Supplementary File 1 outlines the LSG procedure. Briefly, pneumoperitoneum (15 mmHg) was established via umbilical Veress needle. Patients were positioned in reverse Trendelenburg with left tilt. Gastric transection began 3 cm above pylorus using 32 Fr Bougie-guided 60 mm staplers, preserving 1 cm at His angle to reduce GERD. No drains were placed. The fascia was closed with absorbable sutures. Following the completion of the LSG procedure, approximately 3 × 3 cm of yellow, VAT was carefully excised from the greater omentum using atraumatic graspers and surgical scissors, with meticulous avoidance of visible vasculature. The management of minor bleeding was accomplished through the utilisation of bipolar electrocautery. The harvested specimen was immediately rinsed in a solution of sterile normal saline. Following this, the specimen was divided into aliquots and flash-frozen in liquid nitrogen for long-term storage at −80 ℃.

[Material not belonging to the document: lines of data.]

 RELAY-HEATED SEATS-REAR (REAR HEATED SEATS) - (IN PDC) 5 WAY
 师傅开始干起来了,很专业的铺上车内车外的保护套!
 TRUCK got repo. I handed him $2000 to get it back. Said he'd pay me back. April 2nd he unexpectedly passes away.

Information on the 850 K methylation microarray analysis can be found in Supplementary File 2. Briefly, the DNA of VAT was extracted using a Qiagen Tissue Kit. After assessing purity/concentration (Nanodrop 2000), 500 ng DNA underwent bisulfite conversion (EZ DNA Methylation Gold Kit). Genome-wide methylation was analyzed using Illumina’s MethylationEPIC 850 K array.

Clinical and demographic data collected included sex, age, body mass index (BMI), waist-to-hip ratio (WHR), T2DM, hypertension, hyperuricemia, hyperlipidemia, fatty liver, and marital status. Postoperative follow-up was conducted via telephone interviews. Patients were stratified into two groups based on their %TWL three years post-LSG: the satisfactory group (%TWL ≥ 25%) and the unsatisfactory group (%TWL < 25%).

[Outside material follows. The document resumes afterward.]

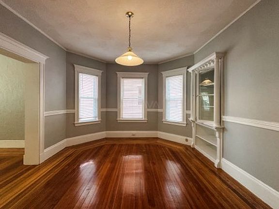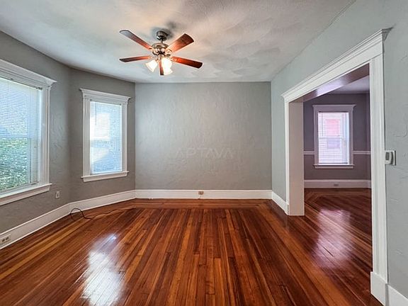 Notable amenities include a ceiling fan, a dining room, hardwood floors, high ceilings, a living room and a modern bath. Rent includes municipal water. The modern eat-in kitchen includes a dishwasher and electric range. Available on 12/01.

Postoperative management and education

Post-LSG T2DM patients were closely monitored to maintain blood glucose within 7.8–10.0 mmol/L, following the 2024 Chinese Clinical Guidelines for Surgery of Obesity and Metabolic Disorders. Follow-up is conducted through online (primarily via WeChat) and offline (outpatient or inpatient) methods, managed by dedicated case managers. Follow-up frequency is adjusted according to time since surgery and patient compliance, with enhanced health education provided for those demonstrating poor adherence.

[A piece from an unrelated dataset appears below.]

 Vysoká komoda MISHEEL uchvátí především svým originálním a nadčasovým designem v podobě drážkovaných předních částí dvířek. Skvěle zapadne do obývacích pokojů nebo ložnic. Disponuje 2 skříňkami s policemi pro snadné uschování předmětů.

Results and significance of methylation sites

The methylation score for each CpG or CpH site was represented as a beta (β) value, calculated using the formula β = (M/(M + U)), where M and U represent the mean methylated and unmethylated signal intensities, respectively. Beta values range from 0 to 1, with “0” indicating no methylation and “1” indicating complete methylation.

Identification and validation of hub methylation sites

INF-related genes were identified using the gene set enrichment analysis (GSEA) database (available at: http://www.gsea-msigdb.org/gsea/index.jsp, M5932). Methylation sites associated with these genes were extracted from the VAT methylation microarray, followed by differential methylation analysis. To identify key methylation sites predictive of %TWL outcomes (%TWL ≥ 25% or not), we employed three machine learning algorithms: random forest (RF), least absolute shrinkage and selection operator (LASSO) regression, and support vector machine recursive feature elimination (SVM-RFE). LASSO regression, implemented using the “glmnet” package, employed 10-fold cross-validation to determine the optimal penalty parameter (λ). RF, utilizing the “randomForest” package, constructed models with 500 trees and assessed feature importance via Gini impurity. SVM-RFE used 10-fold cross-validation to evaluate feature subsets, selecting the set that maximized cross-validated accuracy. This integrated approach ensures robust identification of key predictive methylation sites.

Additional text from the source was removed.